### Records from a dataset
◆ ◆ ◆ ◆ ◆
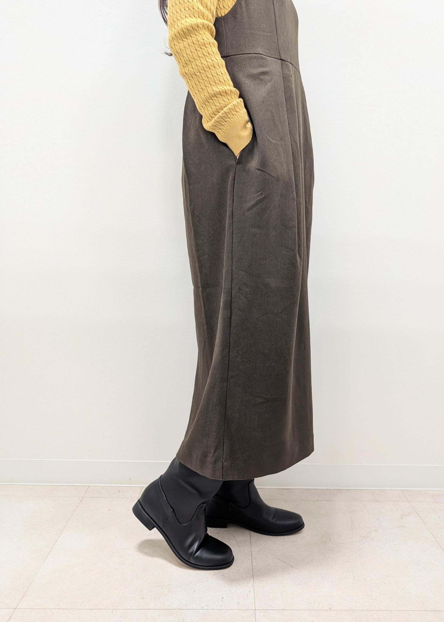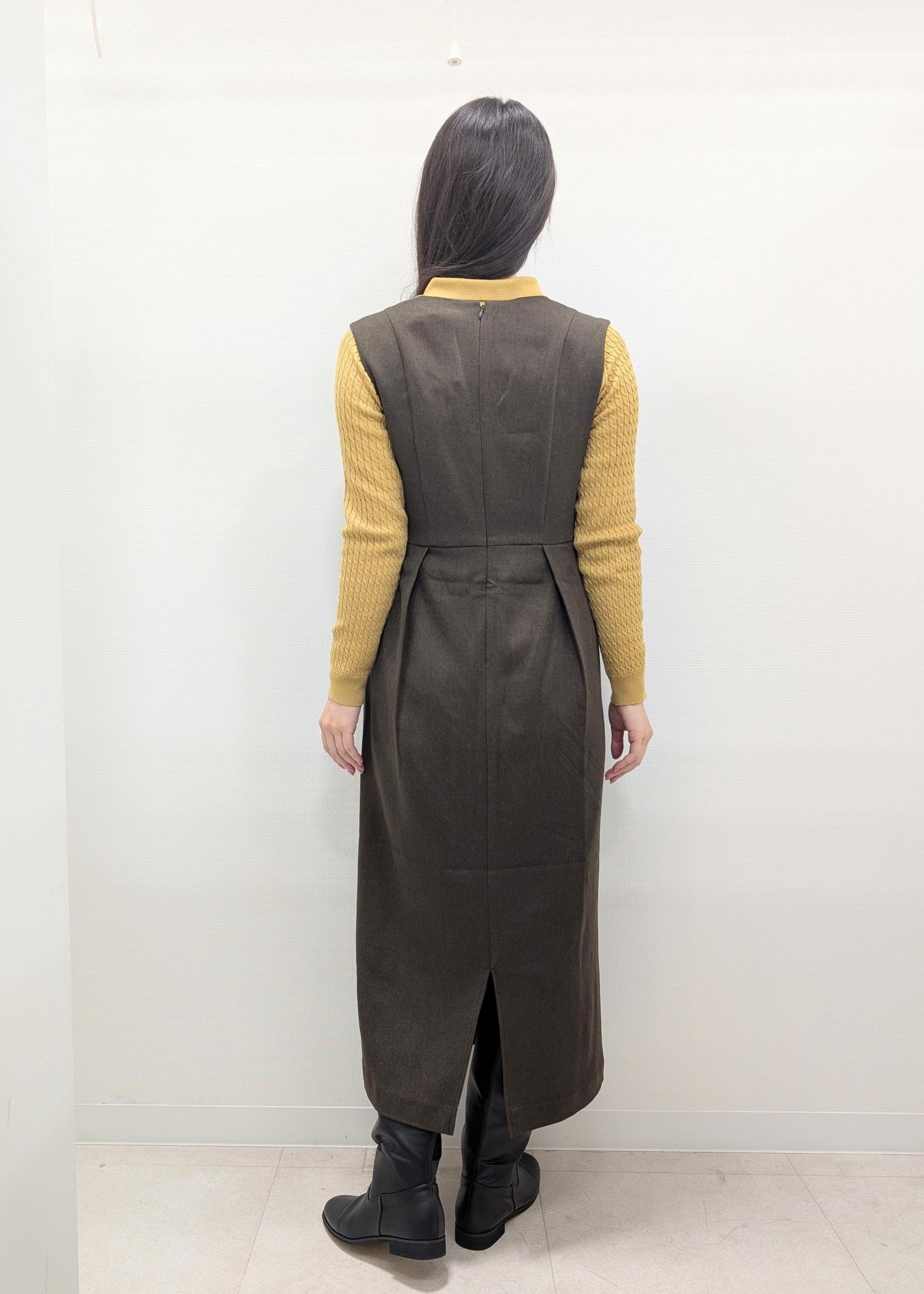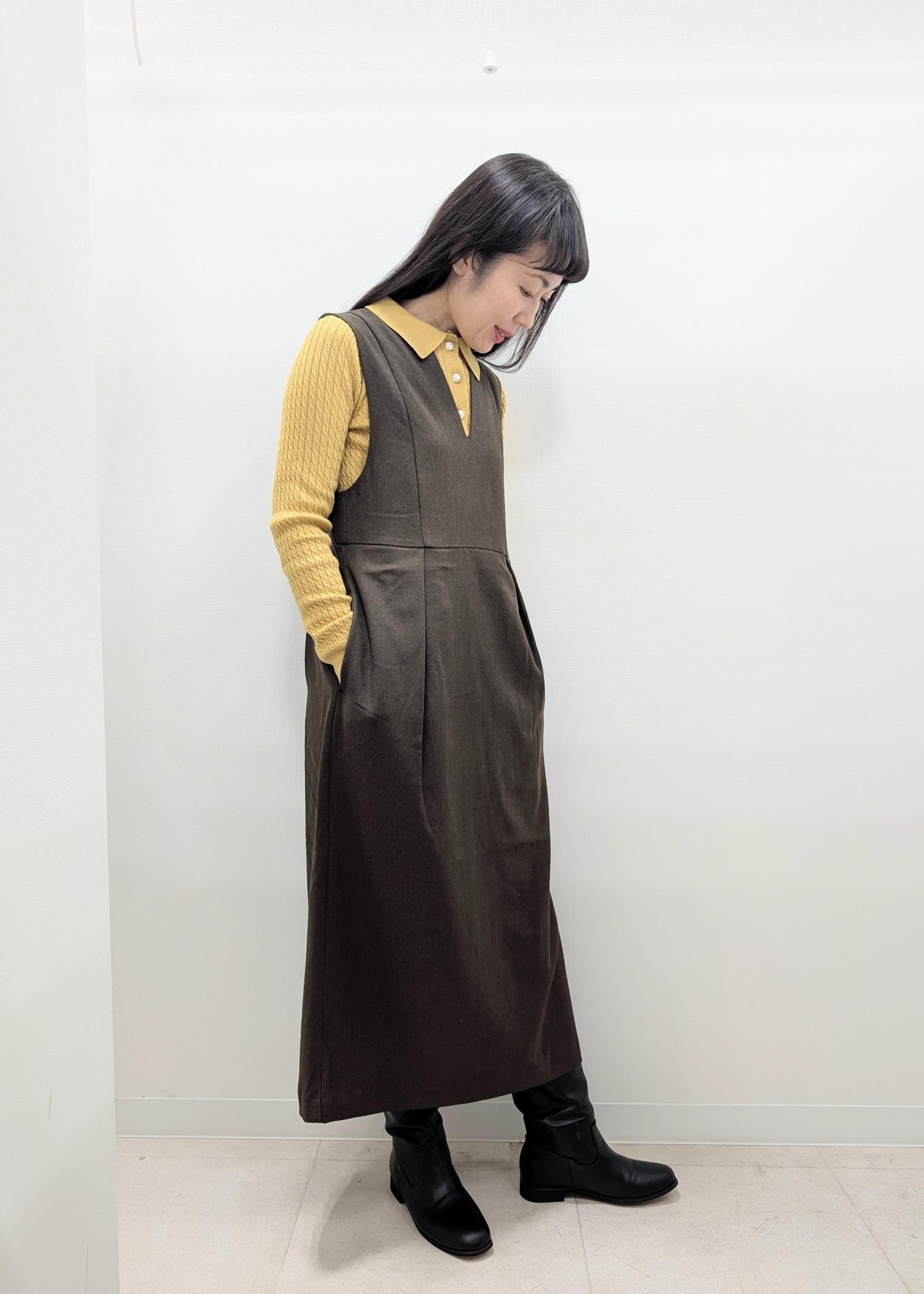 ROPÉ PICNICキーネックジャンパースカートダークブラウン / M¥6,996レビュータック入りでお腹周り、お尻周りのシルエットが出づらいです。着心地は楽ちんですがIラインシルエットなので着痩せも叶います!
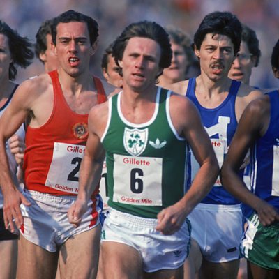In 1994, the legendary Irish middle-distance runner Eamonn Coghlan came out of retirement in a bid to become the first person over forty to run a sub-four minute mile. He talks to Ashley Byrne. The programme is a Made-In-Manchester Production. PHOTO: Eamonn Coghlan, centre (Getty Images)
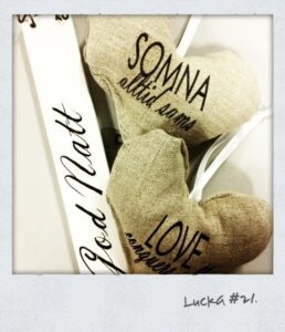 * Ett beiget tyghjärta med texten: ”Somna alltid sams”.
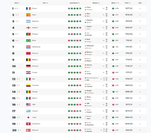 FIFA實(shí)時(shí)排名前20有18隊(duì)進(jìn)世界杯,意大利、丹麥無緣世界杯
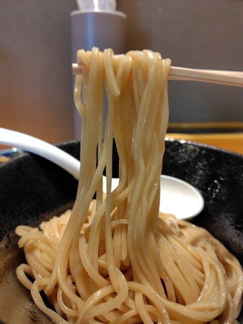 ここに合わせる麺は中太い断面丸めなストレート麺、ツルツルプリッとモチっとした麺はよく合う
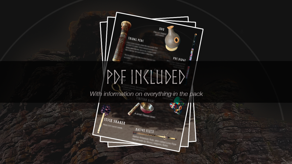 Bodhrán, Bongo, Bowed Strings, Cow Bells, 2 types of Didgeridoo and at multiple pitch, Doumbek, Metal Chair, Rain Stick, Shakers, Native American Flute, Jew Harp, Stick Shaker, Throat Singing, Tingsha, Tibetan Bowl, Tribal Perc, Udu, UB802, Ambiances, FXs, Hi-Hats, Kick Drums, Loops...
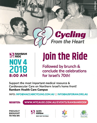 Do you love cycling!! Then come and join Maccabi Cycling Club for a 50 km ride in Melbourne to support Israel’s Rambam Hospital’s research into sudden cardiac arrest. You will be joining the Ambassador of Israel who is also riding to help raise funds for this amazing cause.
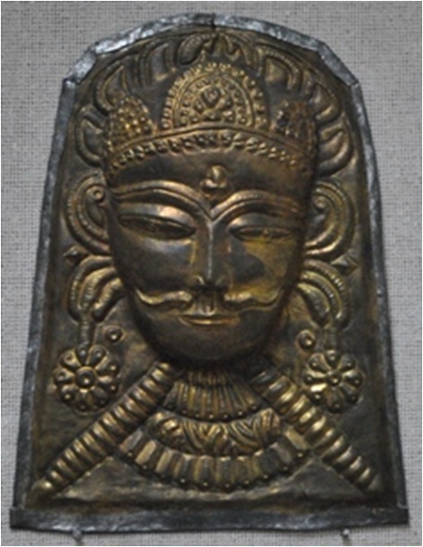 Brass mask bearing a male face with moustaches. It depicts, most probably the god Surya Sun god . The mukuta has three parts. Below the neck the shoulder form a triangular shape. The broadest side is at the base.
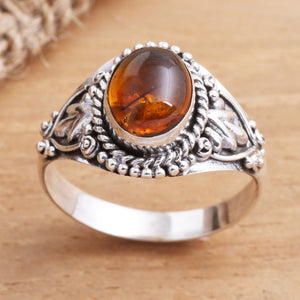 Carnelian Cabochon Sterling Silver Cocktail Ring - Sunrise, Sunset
◆ ◆ ◆ ◆ ◆
### Prompt
Leave out the pictures, and retype exactly the lines from the one containing "Bodhrán, Bongo, Bowed" through the final line of the data.

### Result for this exercise
 Bodhrán, Bongo, Bowed Strings, Cow Bells, 2 types of Didgeridoo and at multiple pitch, Doumbek, Metal Chair, Rain Stick, Shakers, Native American Flute, Jew Harp, Stick Shaker, Throat Singing, Tingsha, Tibetan Bowl, Tribal Perc, Udu, UB802, Ambiances, FXs, Hi-Hats, Kick Drums, Loops...
 Do you love cycling!! Then come and join Maccabi Cycling Club for a 50 km ride in Melbourne to support Israel’s Rambam Hospital’s research into sudden cardiac arrest. You will be joining the Ambassador of Israel who is also riding to help raise funds for this amazing cause.
 Brass mask bearing a male face with moustaches. It depicts, most probably the god Surya Sun god . The mukuta has three parts. Below the neck the shoulder form a triangular shape. The broadest side is at the base.
 Carnelian Cabochon Sterling Silver Cocktail Ring - Sunrise, Sunset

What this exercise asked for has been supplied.